### Task statement
Transcribe the material verbatim, starting at its first line and stopping once the line containing "Diese weihnachtlichen Metall" has been given; no picture should appear.

### The data
- - -

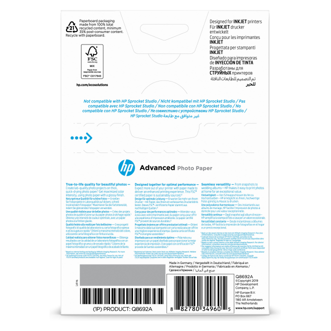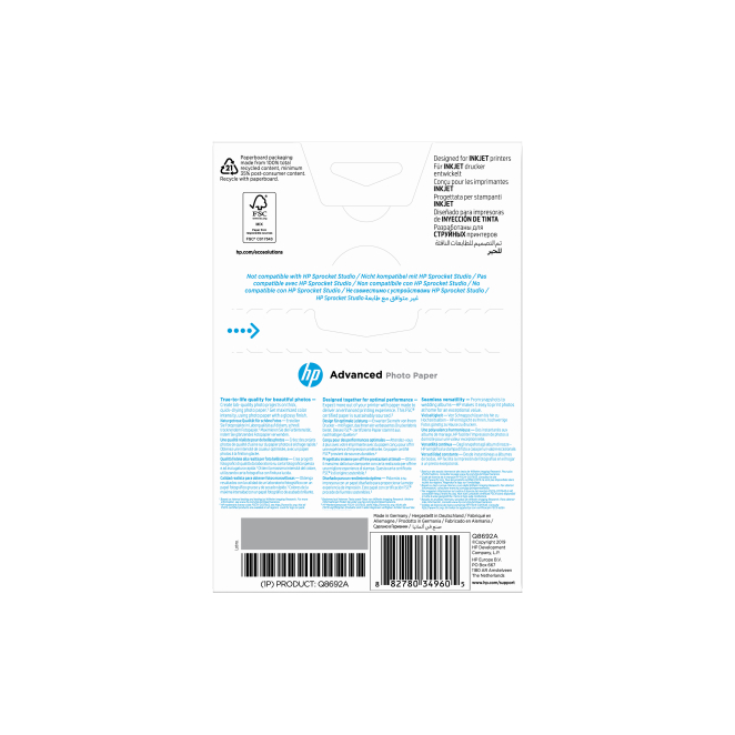 HP Papel fotográfico Advanced con brillo, 100 hojas de 10 por 15 cm, SKU Q8692A
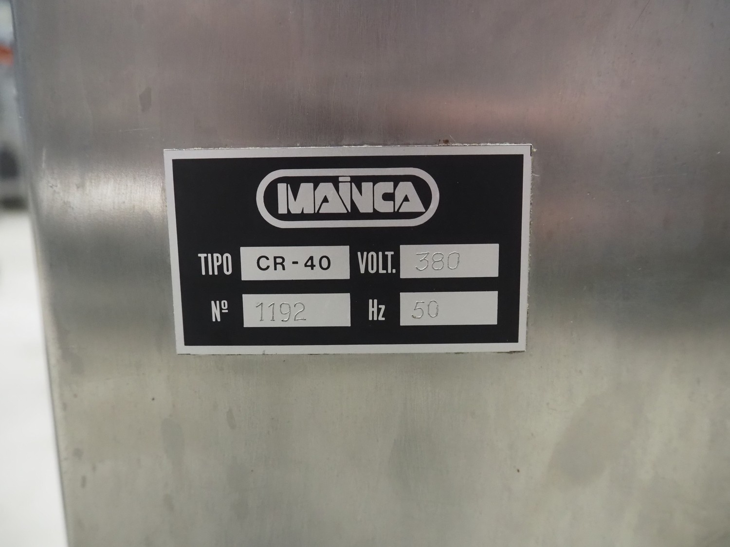 Mainca cutter, type: CR-40, number: 1192, 380 V, 50 Hz, s/s bowl, volume: 40 liter, dimensions: 1220 mm x 900 mm x 700 mm.
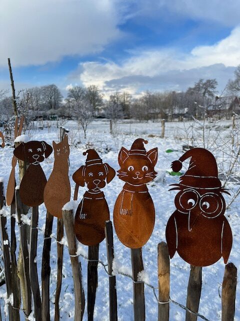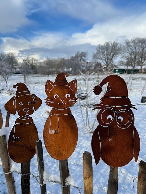 Diese weihnachtlichen Metall Zaunfiguren Weihnachten sind ein Blickfang für jeden Gartenfreund und ein MUST HAVE für alle Gartenzaunbesitzer! Zur Auswahl Schneemann, Weihnachtsmann, Wintereule, Weihnachtselch
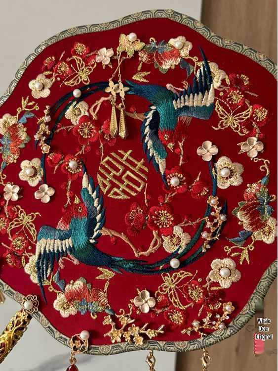 Двусторонний круглый веер "Кит и Олень" - Оригинальный дизайн "Сорока и Смеющаяся Голубка" для подарка невесте на свадьбу

- - -

### Answer to the exercise
 HP Papel fotográfico Advanced con brillo, 100 hojas de 10 por 15 cm, SKU Q8692A
 Mainca cutter, type: CR-40, number: 1192, 380 V, 50 Hz, s/s bowl, volume: 40 liter, dimensions: 1220 mm x 900 mm x 700 mm.
 Diese weihnachtlichen Metall Zaunfiguren Weihnachten sind ein Blickfang für jeden Gartenfreund und ein MUST HAVE für alle Gartenzaunbesitzer! Zur Auswahl Schneemann, Weihnachtsmann, Wintereule, Weihnachtselch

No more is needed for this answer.